OpenClaw and the Security Crisis Nobody Planned For

/images/blog-generated/openclaw-security-crisis-nobody-planned-for.webp

In November 2025, Austrian developer Peter Steinberger – previously known as the founder of PSPDFKit – released OpenClaw, a free, open-source autonomous AI agent that connects to your messaging platforms, uses LLMs, and executes real-world tasks on your behalf. By early 2026, it had exploded to over 135,000 GitHub stars. In February 2026, Steinberger announced he was joining OpenAI.

And by March 2026, OpenClaw had become one of the most significant security incidents in the history of consumer-facing AI.

This is not a hit piece on Steinberger or the OpenClaw project. The engineering is impressive.

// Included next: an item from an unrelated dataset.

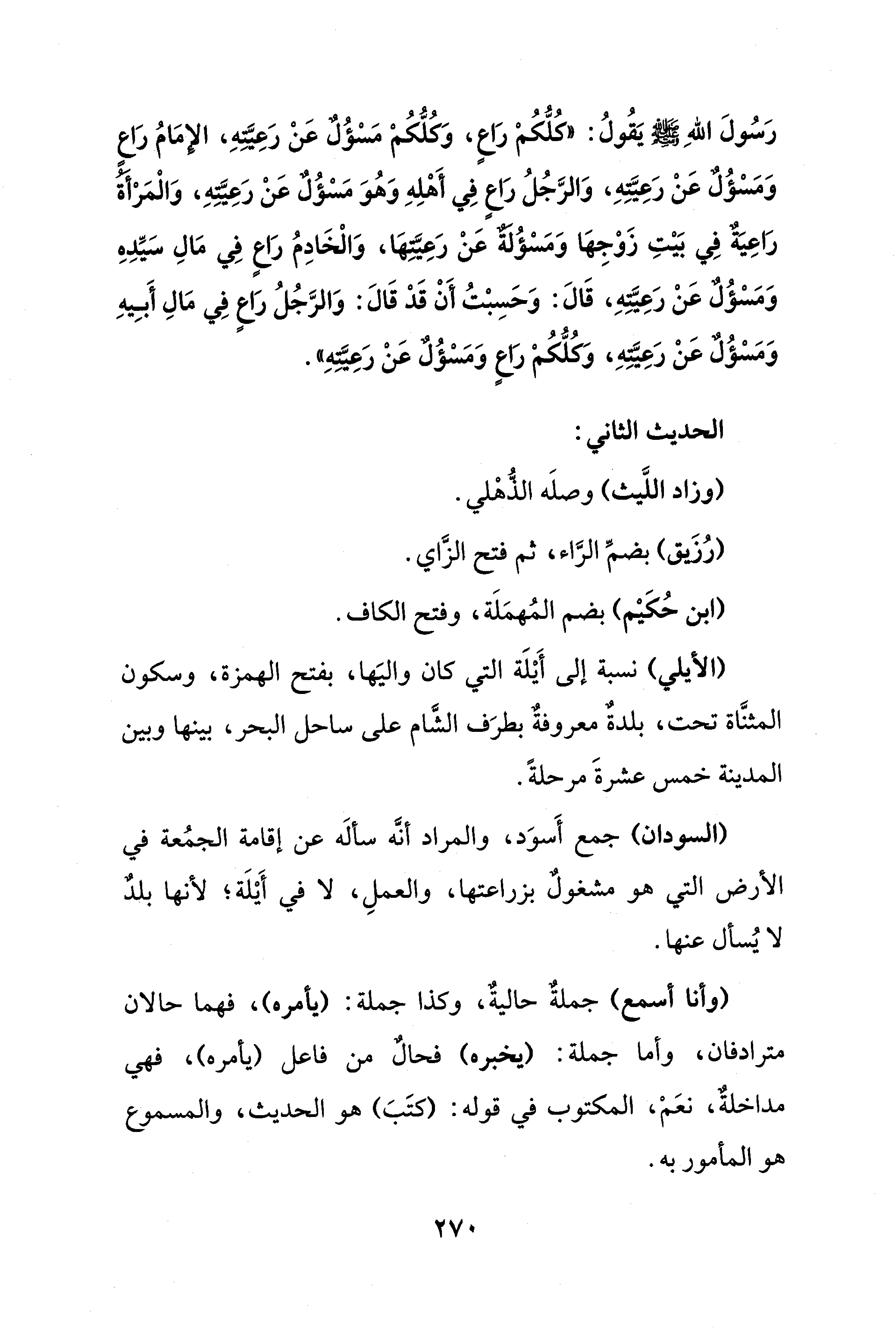 رَسُولَ اللهِ - صلى الله عليه وسلم - يَقُولُ: "كلُّكُمْ رَاعٍ، وَكُلُّكُمْ مَسْؤُلٌ عَنْ رَعِيتهِ، الإمَامُ رَاع وَمَسْؤُلٌ عَنْ رَعِيتهِ، وَالرَّجُلُ رَاعٍ فِي أَهْلِهِ وَهُوَ مَسْؤُلٌ عَنْ رَعِيتهِ، وَالْمَرْأة رَاعِيةٌ فِي بَيْتِ زَوْجِهَا وَمَسْؤُلةٌ عَنْ رَعِيتهَا، وَالْخَادِمُ رَاعٍ فِي مَالِ سَيِّده وَمَسْؤُلٌ عَنْ رَعِيتهِ، قَالَ: وَحَسِبْتُ أَنْ قَدْ قَالَ: وَالرَّجُلُ رَاعٍ فِي مَالِ أَبِيهِ وَمَسْؤُلٌ عَنْ رَعِيتهِ، وَكُلُّكُمْ رَاعٍ وَمَسْؤُل عَنْ رَعِتيهِ".

The vision of a personal AI agent that can manage your calendar, control your smart home, triage your messages, and automate repetitive tasks across 50+ integrations is genuinely compelling. The problem is not ambition. The problem is architecture. And the consequences of getting the architecture wrong, when you are giving an AI agent near-total access to a user’s operating system and communications infrastructure, are catastrophic.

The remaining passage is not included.